**WHAT IS BEING ASKED**
Each line of the records must appear in your answer exactly, with no pictures.

**RAW DATA**
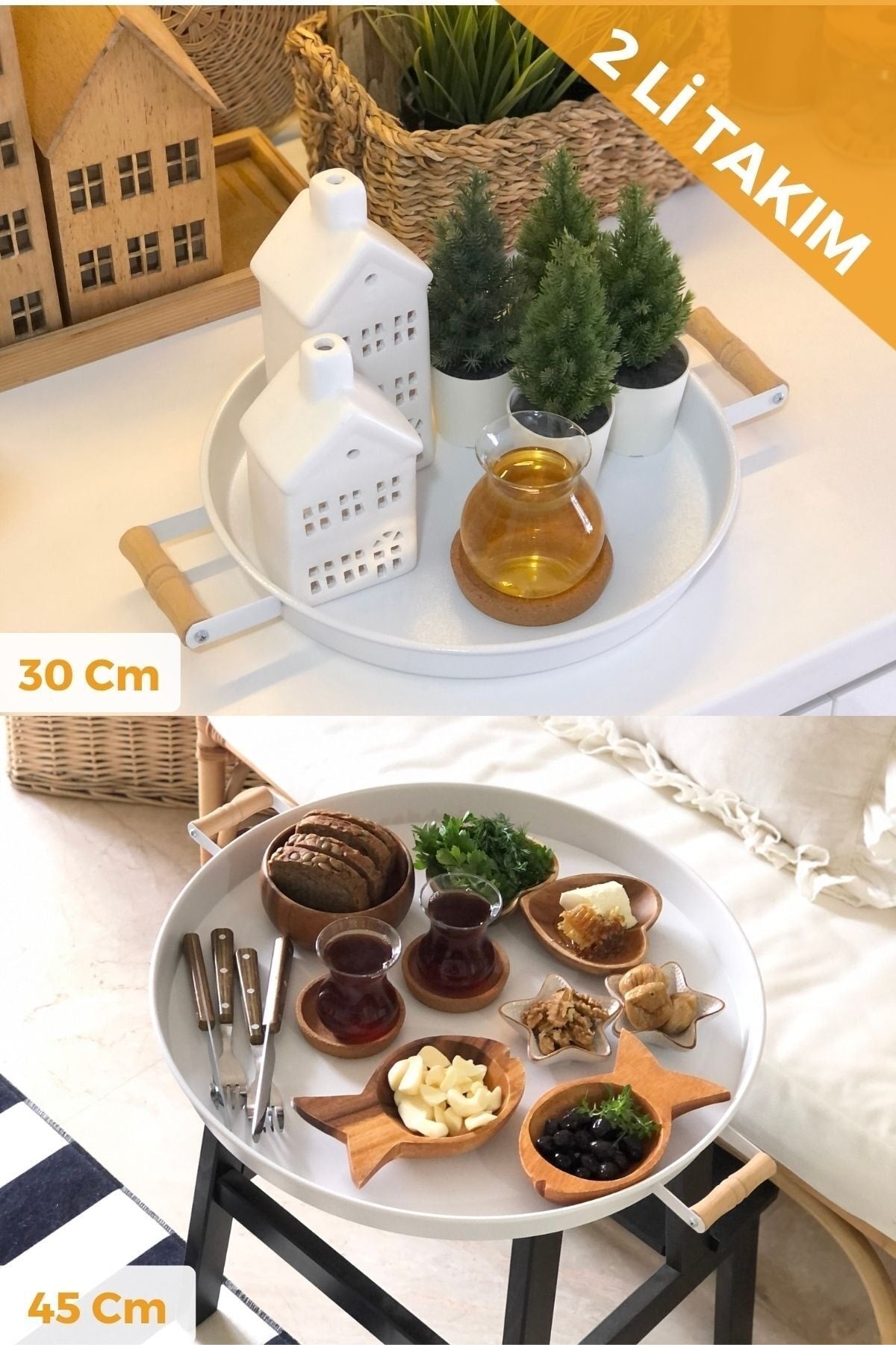 Kitchen trend, which will be at hand for both your breakfasts and tea and coffee presentations, 45 cm metal tray with 2 wooden handles and 30 cm white tray tea coffee presentation tray product usage · our 45 cm tray will accompany you in breakfast and meal services. our 30 cm tray accompanies your tea and coffee services. you can also use it to display your decorative accessories in your home. product dimensionswhite45 cm (excluding handles)white30 cm (excluding handles)materialmetal handlewood does not rust. our trays are rough painted, rough paint minimizes the possibility of slipping of the products on it while serving. cleaning of the tray it is not suitable for washing in the dishwasher. Improved version for clearer understanding and better search visibility. Suitable for users seeking detailed and reliable product information.
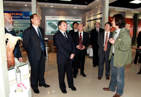 簽約活動(dòng)之前,部分與會(huì)領(lǐng)導(dǎo)和嘉賓參觀了我校校史展覽館、校區(qū)沙盤模型以及設(shè)計(jì)與藝術(shù)學(xué)院、資源與環(huán)境學(xué)院、材料科學(xué)與工程學(xué)院特色展室。
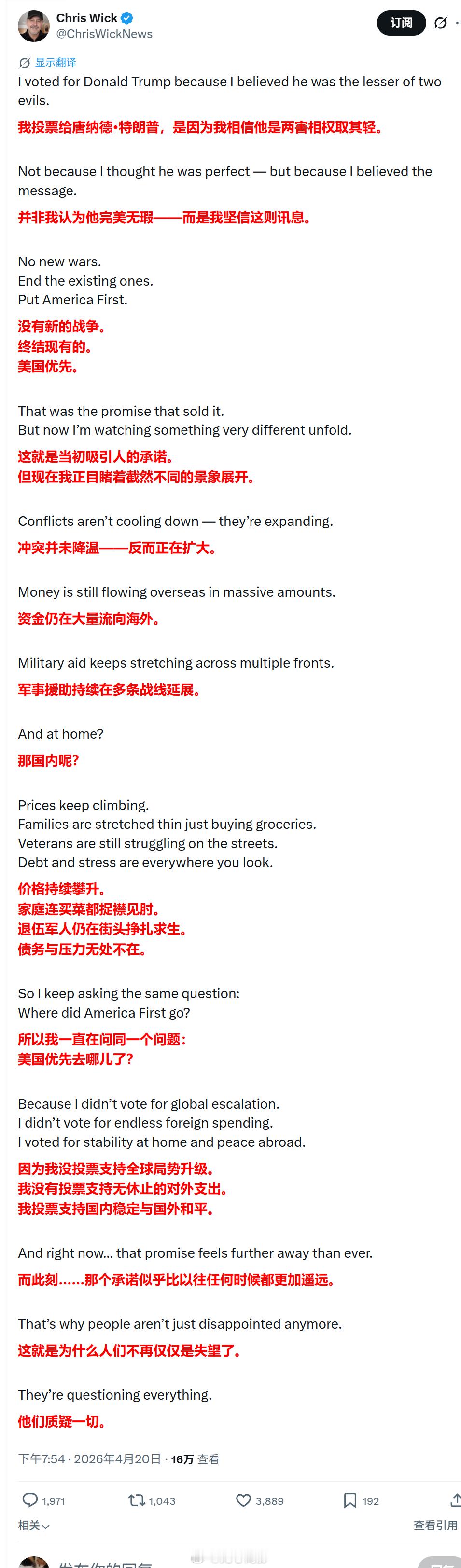 又一名曾经投票给特朗普的选民表示忏悔~
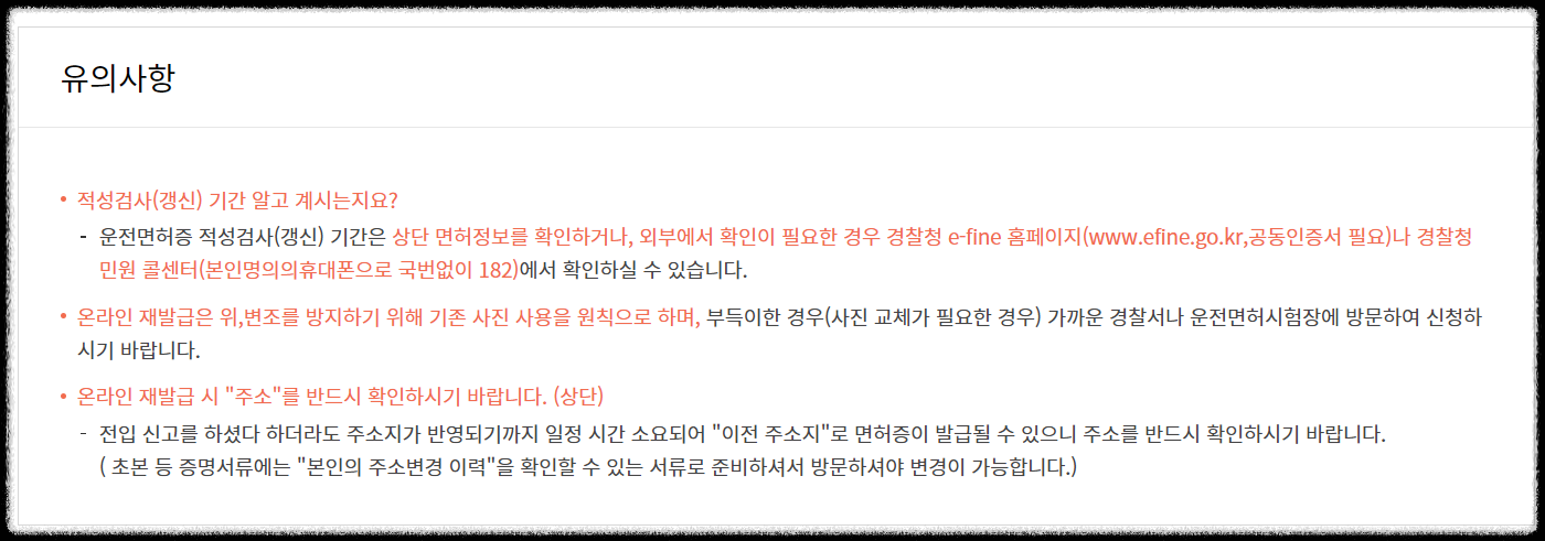 다시한번 안내해 드리지만 운전면허증 재발급 시 필요한 준비물은 특별한 것은 없으며 본인 신분증과 재발급 수수료만 준비하시면 됩니다. 온라인 재발급 시 사진 변경 불가하지만 온라인 갱신 시 사진 변경 가능합니다.
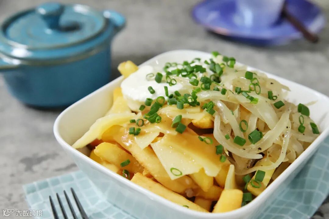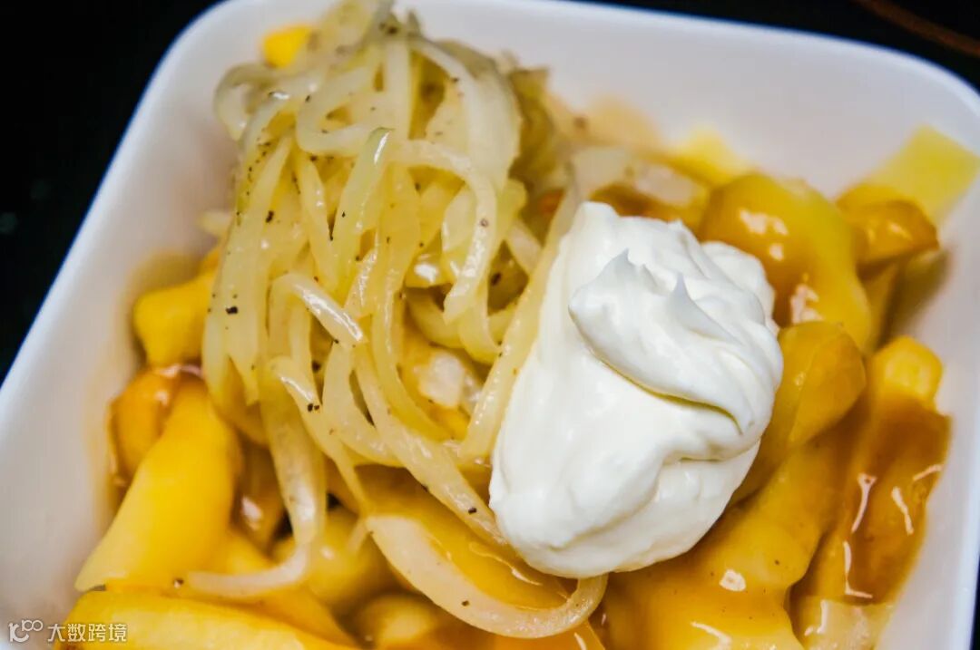 今天给大家种草一款“加拿大国菜”芝士肉汁薯条~Poutine是加拿大魁北克的传统小吃,刚出锅的粗薯条,铺上满满的芝士,最后淋上滚烫的秘制肉肉汁。薯条和肉汁的热气将芝士轻轻融化,肉汁浸满薯条、芝士包裹着薯条…三种食材的融合显得相得益彰,令食客们难以抗拒。
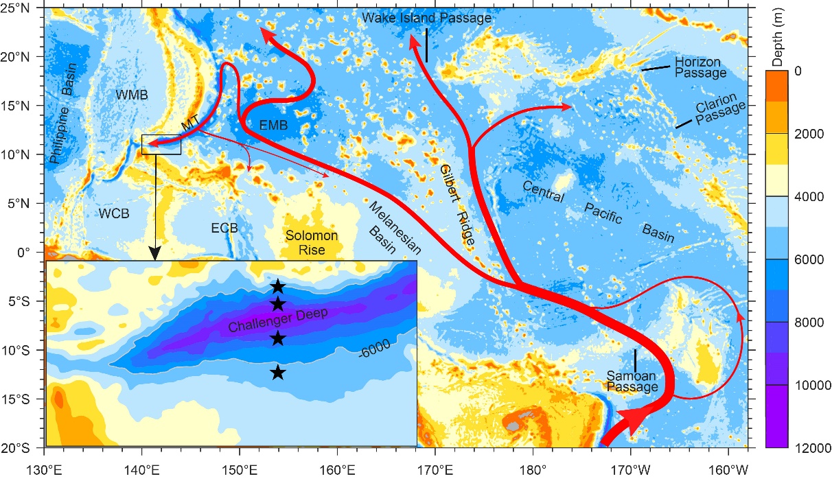 圖1. “挑戰(zhàn)者”深淵位置和潛標站位置、以及西太平洋深層環(huán)流示意圖
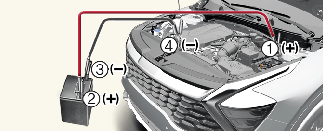 Ha elindul a motor, válassza le az indító akkumulátor negatív pólusát (3), majd az indító akkumulátor pozitív pólusát (2) és a lemerült akkumulátor pozitív pólusát (1). Ha az akkumulátor lemerülésének oka nem határozható meg, akkor ellenőriztesse a gépkocsit egy szakműhelyben. A Kia hivatalos Kia-kereskedő/szervizpartner felkeresését javasolja.
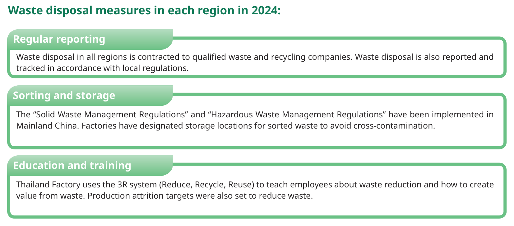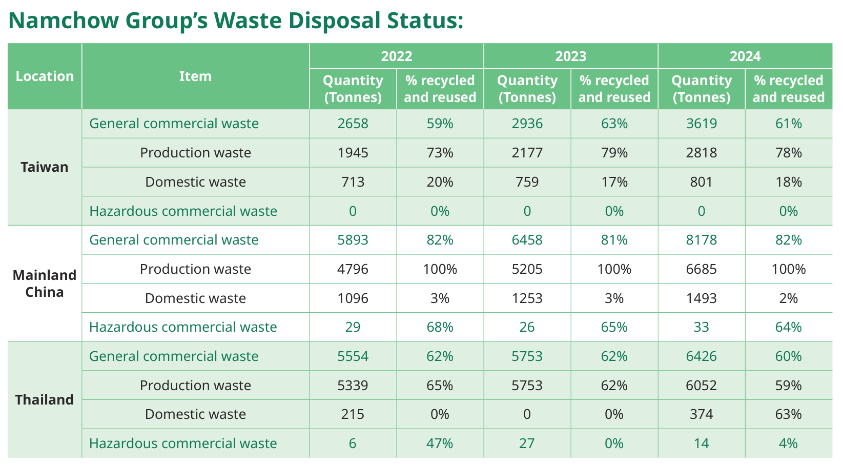 Industrial waste generated by Namchow Group’s operating sites in each region is removed, treated, or recycled in accordance with local government regulations. Related information is also regularly declared through online reporting. In addition, the removal, disposal, and reuse of industrial waste are double-checked online within the prescribed deadline. Waste sorting, collection, storage, management, and disposal are enforced for effective waste control. The waste treatment by the Group’s operating sites in each region in compliance with the requirements of laws and regulations. They apply for discharge or treatment permits in accordance with the law and file reports to the competent authorities truthfully. At present, waste is mainly disposed of by external treatment companies.
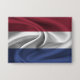 Bouton avec le drapeau de Pays-Bas dans un style de tissu ondulé. Ce design présente les couleurs du drapeau hollandais et le design avec un bel effet texturé de matériau de tissage. Ce design de drapeau est une excellente façon de vous montrer fier d'être de Pays-Bas.
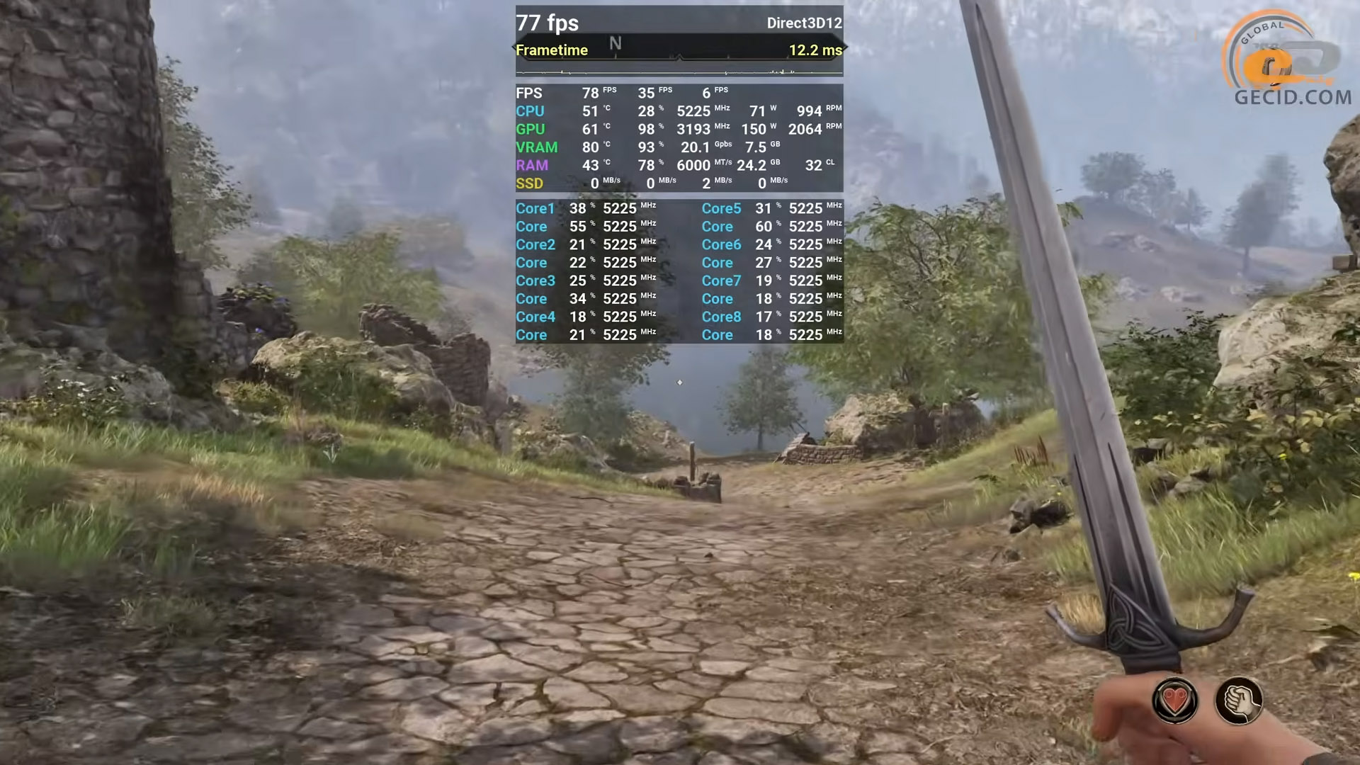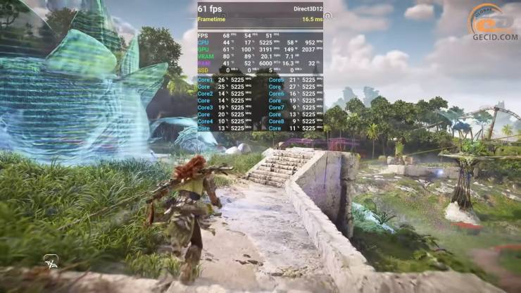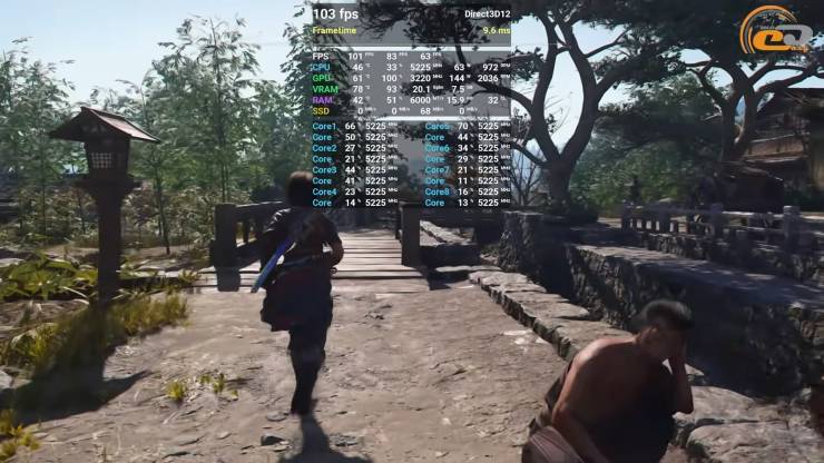 На 16 ГБ получаем 76 FPS, и игра работает плавно даже в густых зарослях или масштабных боевых сценах и при очень высоких настройках графики — запас VRAM позволяет движку развернуться, заняв 11 ГБ, а качественный FSR ускоряет частоту обновления экрана. На младшей версии есть в среднем 62 кадра в секунду, но стабильность страдает: в тяжелых моментах проседания могут быть ниже 50 обновлений, а подгрузка текстур иногда создает мелкие рывки. Для проекта такого уровня это ожидаемо – видеобуфер заполняется полностью – поэтому или вероятно доведется снижать качество настроек.

**RESULT BELOW**
 Kitchen trend, which will be at hand for both your breakfasts and tea and coffee presentations, 45 cm metal tray with 2 wooden handles and 30 cm white tray tea coffee presentation tray product usage · our 45 cm tray will accompany you in breakfast and meal services. our 30 cm tray accompanies your tea and coffee services. you can also use it to display your decorative accessories in your home. product dimensionswhite45 cm (excluding handles)white30 cm (excluding handles)materialmetal handlewood does not rust. our trays are rough painted, rough paint minimizes the possibility of slipping of the products on it while serving. cleaning of the tray it is not suitable for washing in the dishwasher. Improved version for clearer understanding and better search visibility. Suitable for users seeking detailed and reliable product information.
 簽約活動(dòng)之前,部分與會(huì)領(lǐng)導(dǎo)和嘉賓參觀了我校校史展覽館、校區(qū)沙盤模型以及設(shè)計(jì)與藝術(shù)學(xué)院、資源與環(huán)境學(xué)院、材料科學(xué)與工程學(xué)院特色展室。
 又一名曾经投票给特朗普的选民表示忏悔~
 다시한번 안내해 드리지만 운전면허증 재발급 시 필요한 준비물은 특별한 것은 없으며 본인 신분증과 재발급 수수료만 준비하시면 됩니다. 온라인 재발급 시 사진 변경 불가하지만 온라인 갱신 시 사진 변경 가능합니다.
 今天给大家种草一款“加拿大国菜”芝士肉汁薯条~Poutine是加拿大魁北克的传统小吃,刚出锅的粗薯条,铺上满满的芝士,最后淋上滚烫的秘制肉肉汁。薯条和肉汁的热气将芝士轻轻融化,肉汁浸满薯条、芝士包裹着薯条…三种食材的融合显得相得益彰,令食客们难以抗拒。
 圖1. “挑戰(zhàn)者”深淵位置和潛標站位置、以及西太平洋深層環(huán)流示意圖
 Ha elindul a motor, válassza le az indító akkumulátor negatív pólusát (3), majd az indító akkumulátor pozitív pólusát (2) és a lemerült akkumulátor pozitív pólusát (1). Ha az akkumulátor lemerülésének oka nem határozható meg, akkor ellenőriztesse a gépkocsit egy szakműhelyben. A Kia hivatalos Kia-kereskedő/szervizpartner felkeresését javasolja.
 Industrial waste generated by Namchow Group’s operating sites in each region is removed, treated, or recycled in accordance with local government regulations. Related information is also regularly declared through online reporting. In addition, the removal, disposal, and reuse of industrial waste are double-checked online within the prescribed deadline. Waste sorting, collection, storage, management, and disposal are enforced for effective waste control. The waste treatment by the Group’s operating sites in each region in compliance with the requirements of laws and regulations. They apply for discharge or treatment permits in accordance with the law and file reports to the competent authorities truthfully. At present, waste is mainly disposed of by external treatment companies.
 Bouton avec le drapeau de Pays-Bas dans un style de tissu ondulé. Ce design présente les couleurs du drapeau hollandais et le design avec un bel effet texturé de matériau de tissage. Ce design de drapeau est une excellente façon de vous montrer fier d'être de Pays-Bas.
 На 16 ГБ получаем 76 FPS, и игра работает плавно даже в густых зарослях или масштабных боевых сценах и при очень высоких настройках графики — запас VRAM позволяет движку развернуться, заняв 11 ГБ, а качественный FSR ускоряет частоту обновления экрана. На младшей версии есть в среднем 62 кадра в секунду, но стабильность страдает: в тяжелых моментах проседания могут быть ниже 50 обновлений, а подгрузка текстур иногда создает мелкие рывки. Для проекта такого уровня это ожидаемо – видеобуфер заполняется полностью – поэтому или вероятно доведется снижать качество настроек.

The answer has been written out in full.